O combate à pedofilia no Brasil

Enviada em 15/09/2017

O médico alemão Richar Kraff Ebing, conceituou pedofilia como perversão psicossocial no século XIX. Hoje, esse crime praticado contra crianças e adolescentes e caracterizado como doença mental e ocorre no mundo inteiro. No Brasil, o aliciamento de menores cresce anualmente tanto pela falha no diálogo das famílias quanto pela falha do Estado na educação infanto- juvenil. Contudo, é possível mudar o cenário atual, a partir de ações simples e eficientes para o bem de todos.
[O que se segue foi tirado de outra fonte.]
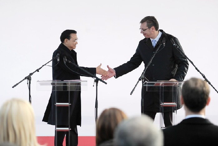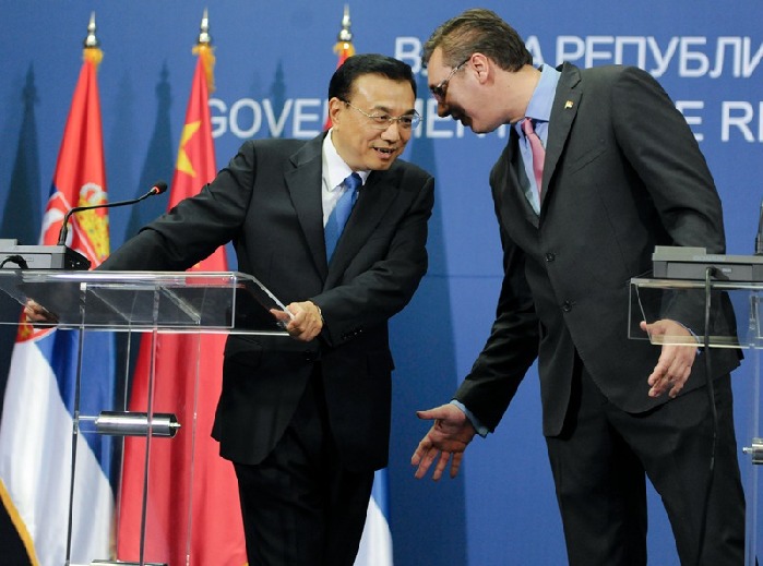 李克强与塞尔维亚总理武契奇共见记者。中新社 刘震 摄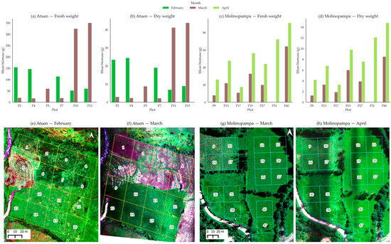 Plot-level variability of aboveground biomass (AGB) in Atuen and Molinopampa. Panels (a–d) present mean fresh and dry biomass per plot across months, while UAV orthomosaics (e–h) illustrate spatial heterogeneity and grazing-induced differences in grassland cover within the plots, where the numbers correspond to individual plot codes used for field biomass sampling in Atuen (e,f) and Molinopampa (g,h).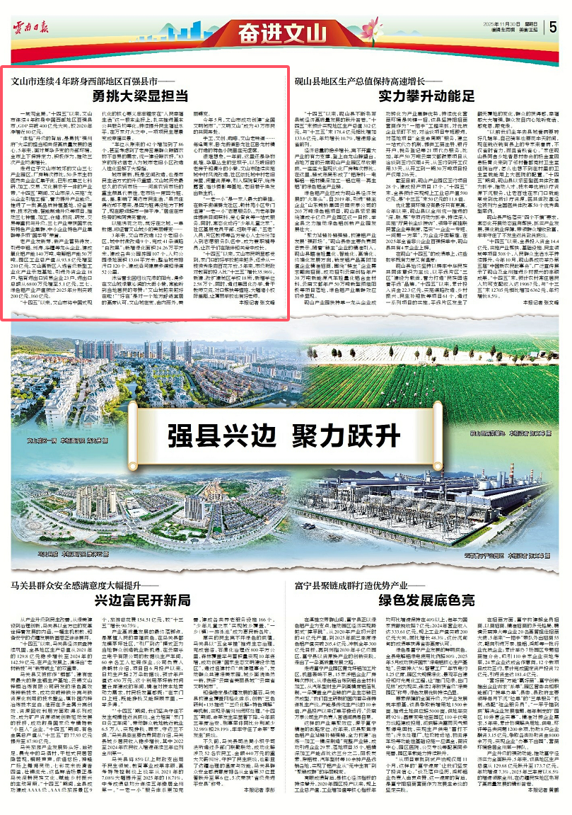 《云南日报》报道文山市连续4年跻身西部地区百强县市——勇挑大梁显担当
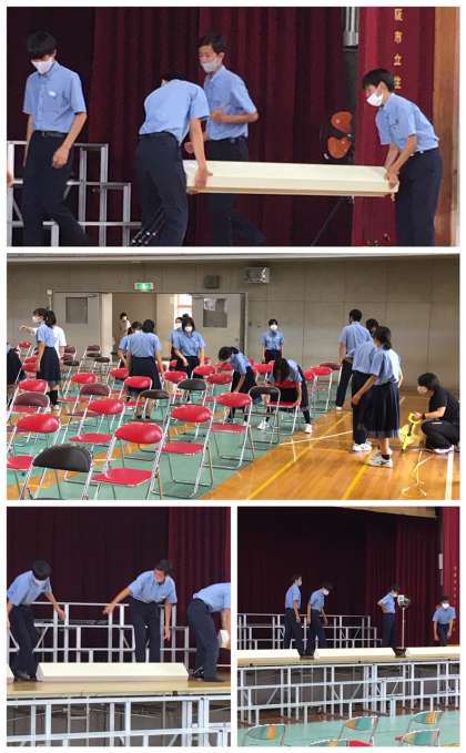 明日の文化発表会に向けて、午後から係の生徒と教職員が協力して準備を行なっています。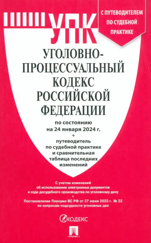 Аннотация: Уголовно-процессуальный кодекс РФ по состоянию на 24.01.2024 с таблицей изменений и с путеводителем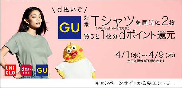 d払いはユニクロとGUでキャンペーン、4月9日まで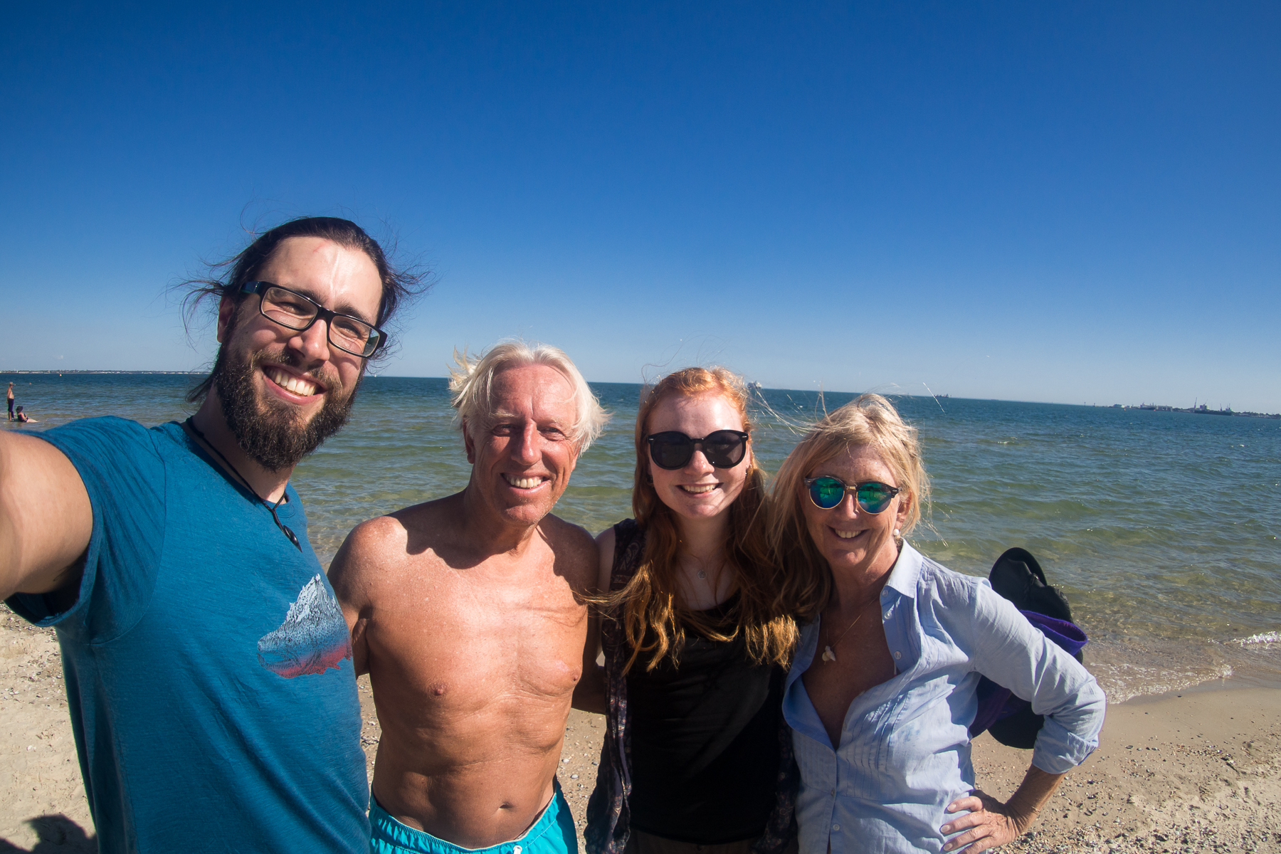 Ohne irgendeine Ahnung zu haben, wie es jetzt weitergehen soll, verschanzten wir uns die ersten 2 Tage in ein Airbnb, buchten einen neuen Flug, organisierten unser Visa für Indien, dass dann letztendlich nur 30 Tage gültig ist, weshalb wir wohl noch einige Zeit hier verbringen würden und wir versuchten unseren FreundInnen in Indien zu erklären, wie wir so naiv sein konnten. Glücklicherweise konnte uns ein Bekannter von Leni’s Freund Nipun bei sich für fast eine Woche aufnehmen. Mit AJ, der ursprünglich aus Indien kommt, konnten wir die Zeit in Melbourne richtig genießen und lernten die 4-Millionen-Einwohner-Stadt kennen und lieben. So unglaublich vieles kann man hier erkunden, wenn die australische Hitze nicht zu stark ist. Von riesigen barrierefreien Parks, kunstvoll gestalteten Straßen, der wohl beeindruckendsten Bücherei der Welt, zu Straßenfesten, gratis Wifi-Wohnzimmern bis zu sauberen Sandstränden mit klarstem Meer, wo wir uns auch mit Gaby und Karli aus Salzburg trafen.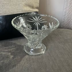 pressed glass pedestal bowl/compote with a starburst pattern and scalloped rim. $20Monroe, WA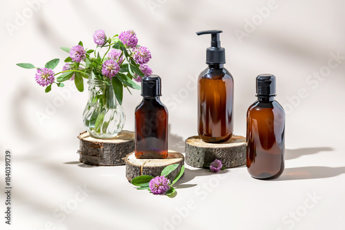 Skin care products in amber bottles next to pink clover flowers on a beige background. The concept of natural cosmetics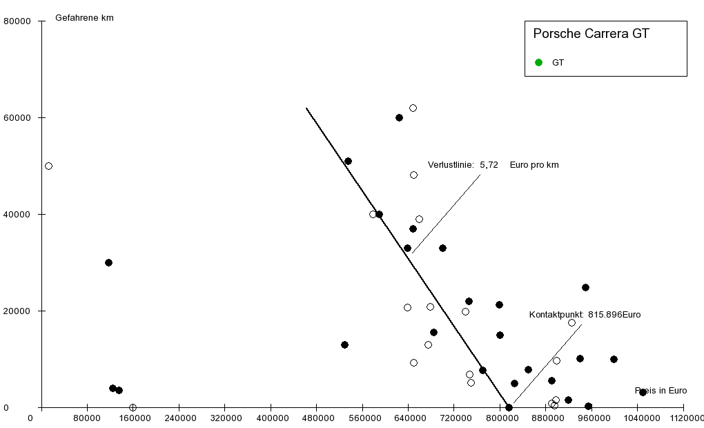Die Verlustlinie endet unten auf der x-Achse am sogenannten Kontaktpunkt, hier bei 815.896 €. Der Kontaktpunkt ist für Fahrzeuge interessant, für die noch Neufahrzeuge angeboten werden. Mit dem Wert des Kontaktpunktes lässt sich der unmittelbare Neuwagenwertverlust abschätzen. Beim Kauf eines Neuwagens, also bei der Umwandlung eines Neuwagens in einen Gebrauchtwagen findet in der Regel ein besonders hoher, überproportionaler Wertverlust statt. Dies äußert sich in der Graphik regelmäßig so, dass die meisten Neuwagenangebote auf der x-Achse rechts vom Kontaktpunkt liegen. Findet man nun ein Angebot eines Neuwagens links vom Kontaktpunkt, bedeutet dies, dass beim Kauf dieses Fahrzeuges kein Neuwagenwertverlust auftritt. Der Grund dafür, dass dieses Angebot so preiswert ist, kann allerdings in der geringeren Ausstattung dieses Neufahrzeugs zu suchen sein.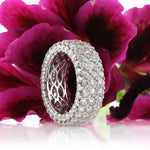 This spectacular three-row diamond eternity band is impressive on the hand and makes a big statement. It showcases 6.50ct of round diamonds set in our one-of-a-kind eternal micro pavé setting on 18k white gold. The sides of the ring are also set with diamonds in an eternity style. Indulge in sparkle that will last you a lifetime.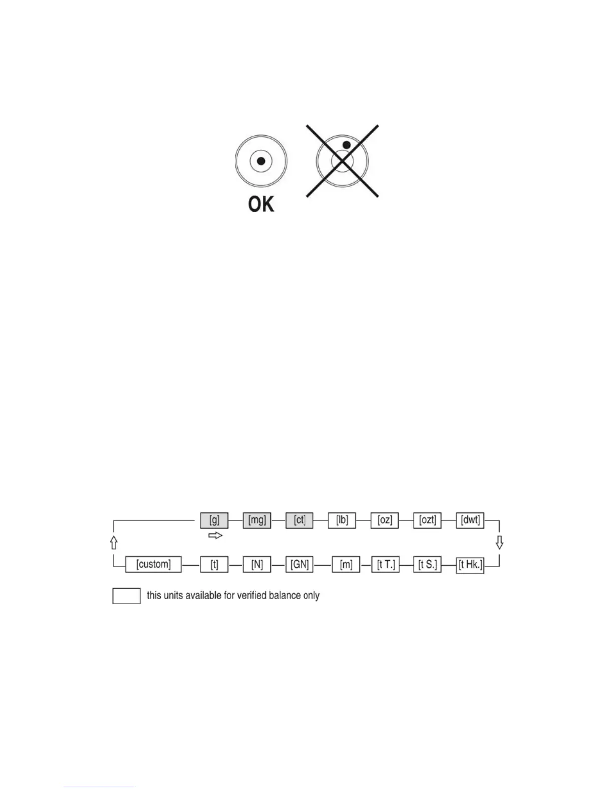 correct leveling is shown on the level indication installed at the rear of the balance. The air

Em primeiro lugar, as famílias brasileiras não estão totalmente preparadas para dialogar sobre sexo com seus filhos. Como o Brasil é um país cristão, os indivíduos de hoje, quando crianças tiveram pouca ou nenhuma explicação sobre sexo dentro dos seus lares. Isso explica a transferência de responsabilidade para a escola, cuja explicação é meramente biológica. Assim, crianças e adolescentes buscam informações com colegas, estranhos e internet. Dessa forma, sobram achismos e faltam emoções, cuidados e prevenções. Porque a educação escolar aborda assuntos de cunho teórico voltado para formação acadêmica e não pessoal.

Em segundo lugar, o fato de crianças e adolescentes não terem informações sobre sua sexualidade as tornam vulneráveis para os pedófilos. Dessa forma, Jean Jacques Rousseau, estava equivocado quando disse que os homens nascem bons e a sociedade os corrompe; existem indivíduos cuja maldade esta intrínseca ao seu nascimento. Esses homens maus são os pedófilos, pois se aproximam dos pequenos seres com o intuito sexual; podem estar dentro da família ou podem ser estranhos. Outro problema são as redes sociais que recrutam pedófilos com o objetivo de formarem grupos, que trocam fotos e vídeos pornográficos. Uma atitude inaceitável na sociedade contemporânea, pois, além da violência sexual, existe a violência psicológica, cuja vitima carregará traumas para toda a vida, como o isolamento social e o medo de se relacionar outras pessoas.

Nelson Mandela estava certo quando disse que a melhor arma para combater as injustiças do mundo é a educação, portanto, o primeiro pilar para haver mudança ficará na responsabilidade da família com dialogo aberto sobre sexualidade, voltado para a construção de valores e identidade da criança. O segundo pilar é de atribuição do Estado que deverá reciclar e capacitar profissionais da educação pública com intuito de formação cidadã do aluno. O terceiro pilar ficará com o Terceiro Estado composto por sociedade e ONGs, cuja função será promover oficinas lúdicas e palestras educativas com objetivo prevenir crimes contra menores de idade. Com o sucesso de tais atitudes, no futuro, o Brasil será um país com menos tabus e mais felicidade.